2 parole sul come è nata questa giornata e sul mondo yoga in generale: lo yoga fa bene e il suo successo mondiale (in ogni paese) lo ha reso appetibile anche per chi di yoga non sa nulla. Cosi abbiamo sentito un presidente americano (per altro in guerra aperta su vari continenti) parlare di yoga inteso come ginnastica di tendenza per lottare contro l’obesità infantile, cosi abbiamo sentito parlare l’ultimo presidente della più grande democrazia al mondo per la creazione di un ministero dello yoga che serve a dividere le popolazioni tra di loro e ne passo. Passo tra l’altro sul silenzio tutto italiano (stato e chiesa), sulla disinformazione giornalistica (con rare eccezioni) e sul silenzio di nostro tessuto industriale assente del mercato dello yoga. Segnalo Reyoga per i tappetini, Wearessential per i vestiti come realtà emergente italiane.

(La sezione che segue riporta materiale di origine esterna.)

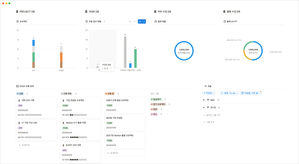 사실, 제가 관리하는 업무 관리이기도 해요. 오랫동안 프로젝트 관리와 할 일 관리 페이지를 다양하게 만들어왔고 소개도 했었죠.
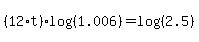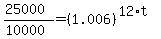 t = (ln25000-ln10000)/12(ln(1+0.006))
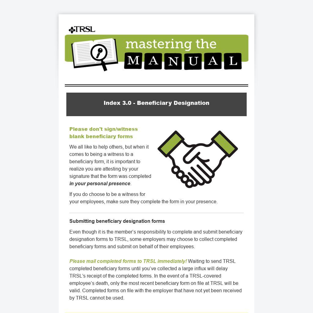 Even though it is the member’s responsibility to complete and submit beneficiary designation forms to TRSL, some employers may choose to collect completed beneficiary forms and submit on behalf of their employees.

Meglio vivo che sottomesso

Meglio vivo che sottomesso

Perché nasce la prima giornata mondiale dello yoga?

Il perché del perché non lo so ma lo sento. Comunque un mese dopo l’elezione di Modi, Ban Ki-Moon accoglie la proposta dello stesso Modi di istituire la International Day of Yoga, il 21 Giugno 2015. A questo punto io mi chiedo riusciremmo a riprendersi il senso della giornata?! Scrive Marco Ventura in una pagina nascosta del Corriere della Sera ( la lettura #179) “la sfida dello yoga inteso come metodo per è estrema. C’è molto in palio. Molto di più del benessere degli americani ed europei e del nazionalismo di Narendra Modi. In questione c’è la capacità dell’uomo di vedere il mondo, secondo il modello dei sutra di Patanjali quando ha scritto ‘così è la gemma completamente trasparente, capace di prender la tinta di qualsiasi oggetto le sia posto dinnanzi”.

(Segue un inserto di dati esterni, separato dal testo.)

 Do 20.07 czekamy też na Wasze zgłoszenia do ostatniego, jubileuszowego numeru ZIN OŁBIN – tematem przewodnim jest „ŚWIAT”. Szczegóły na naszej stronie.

Per chi ama recitare mantra:

http://www.patanjalisutras.com/yoga-sutras-ch1-41-51.html

Cosa capisco del messaggio di Patanjali:

La vita è un gioiello. Ogni uno di noi sceglie cosa farne. Per chi come me da anni cerca di farne qualcosa di buono condivido qui sotto il pensiero di Thich Nhat Hanh in Mangiare Zen (aprile 2015, Mondadori ). Tra consapevolezza (come siamo), impressioni sensoriali, volizione (volontà) e coscienza, il punto per me è la volontà di “osservare a fondo i nostri desideri e vedere se sono costruiti su intenzioni positive o negative; questo può aiutarci a indirizzare il nostro desiderio su cose che siano benefiche per gli altri, per il mondo, per la nostra famiglia e anche per noi stessi.”

Con questo intento parteciperò alla giornata dello yoga, scriverò da ora in poi su cosa e come mangiare (50/50) e come essere in pace con se stesso. Insegnerò la meditazione come esercizio quotidiano e lo yoga come scoperta del corpo e del punto al quale è arrivata la nostra mente. Farò tanto quanto posso per fare quello che non fa questo mondo, ci saranno nemici e alleati in questa battaglia, alla fine della fiera un piccolo o grande esercito di guerrieri di pace insieme ai spiritual warriors per proteggere la salute e il benessere del nostro corpo, del nostro spirito e del nostro pianeta tenterà la fuga da divertimento e condizionamenti. Questa battaglia essendo profondamente spirituale possiamo ora lanciare l’assalto al cielo.